* [Work to be completed] Omit every picture, then give all the entries again exactly.

Entries taken from a collection

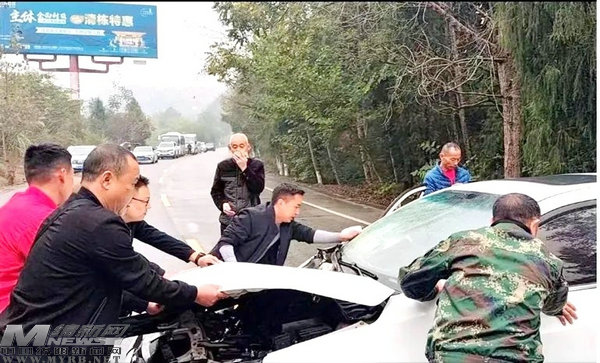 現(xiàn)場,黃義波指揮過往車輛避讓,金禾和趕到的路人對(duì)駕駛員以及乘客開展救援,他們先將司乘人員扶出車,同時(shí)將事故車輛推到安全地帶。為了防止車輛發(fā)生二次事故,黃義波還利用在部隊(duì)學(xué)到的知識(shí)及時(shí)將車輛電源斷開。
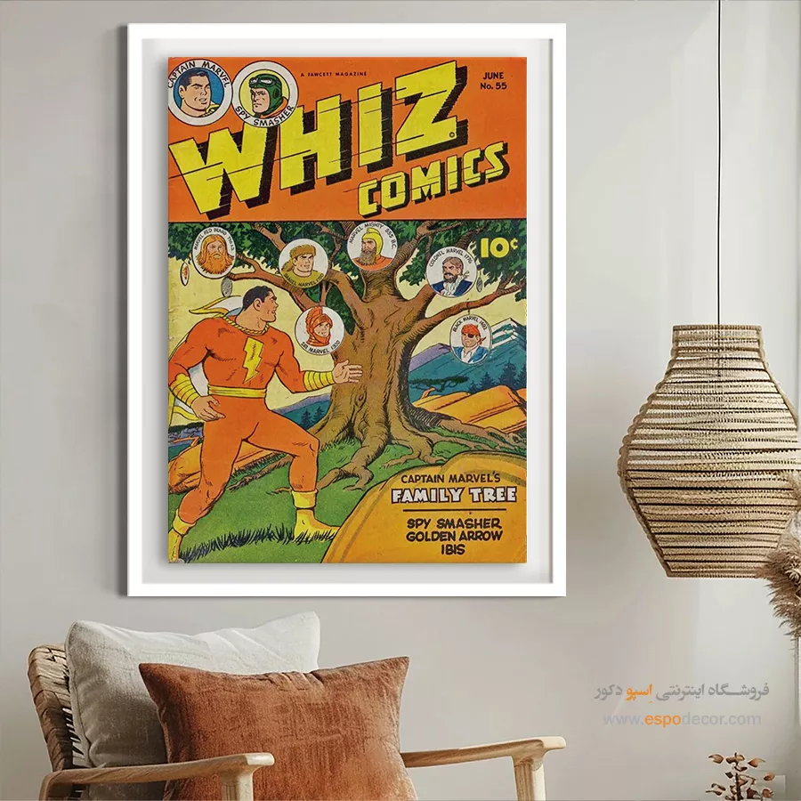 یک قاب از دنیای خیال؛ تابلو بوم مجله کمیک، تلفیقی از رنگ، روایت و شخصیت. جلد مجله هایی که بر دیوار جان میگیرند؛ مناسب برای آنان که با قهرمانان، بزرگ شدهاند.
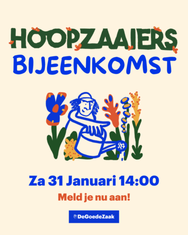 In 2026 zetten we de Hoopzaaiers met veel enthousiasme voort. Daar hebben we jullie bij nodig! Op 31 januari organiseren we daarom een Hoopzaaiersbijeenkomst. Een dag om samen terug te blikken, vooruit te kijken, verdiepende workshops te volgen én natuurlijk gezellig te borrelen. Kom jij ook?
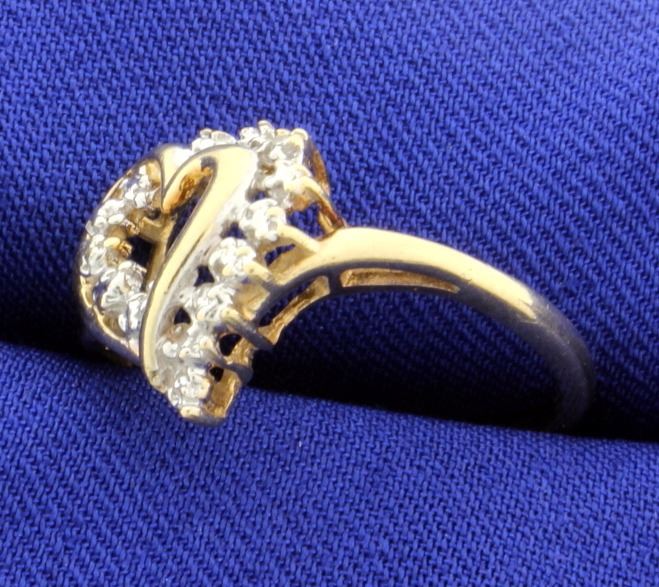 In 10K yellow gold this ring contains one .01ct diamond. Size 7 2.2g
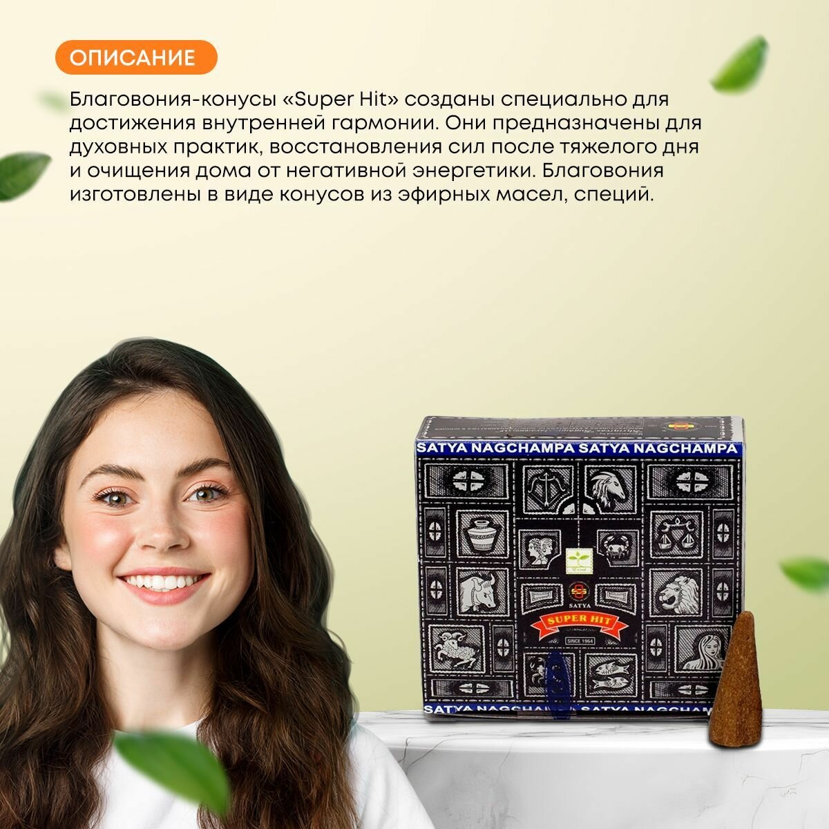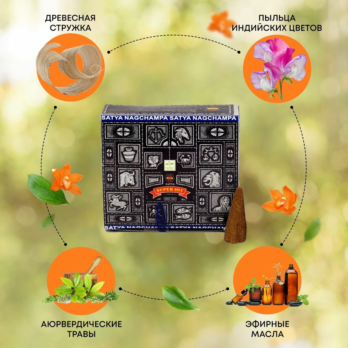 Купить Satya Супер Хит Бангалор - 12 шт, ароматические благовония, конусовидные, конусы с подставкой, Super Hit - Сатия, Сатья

* [Worked solution]
 現(xiàn)場,黃義波指揮過往車輛避讓,金禾和趕到的路人對(duì)駕駛員以及乘客開展救援,他們先將司乘人員扶出車,同時(shí)將事故車輛推到安全地帶。為了防止車輛發(fā)生二次事故,黃義波還利用在部隊(duì)學(xué)到的知識(shí)及時(shí)將車輛電源斷開。
 یک قاب از دنیای خیال؛ تابلو بوم مجله کمیک، تلفیقی از رنگ، روایت و شخصیت. جلد مجله هایی که بر دیوار جان میگیرند؛ مناسب برای آنان که با قهرمانان، بزرگ شدهاند.
 In 2026 zetten we de Hoopzaaiers met veel enthousiasme voort. Daar hebben we jullie bij nodig! Op 31 januari organiseren we daarom een Hoopzaaiersbijeenkomst. Een dag om samen terug te blikken, vooruit te kijken, verdiepende workshops te volgen én natuurlijk gezellig te borrelen. Kom jij ook?
 In 10K yellow gold this ring contains one .01ct diamond. Size 7 2.2g
 Купить Satya Супер Хит Бангалор - 12 шт, ароматические благовония, конусовидные, конусы с подставкой, Super Hit - Сатия, Сатья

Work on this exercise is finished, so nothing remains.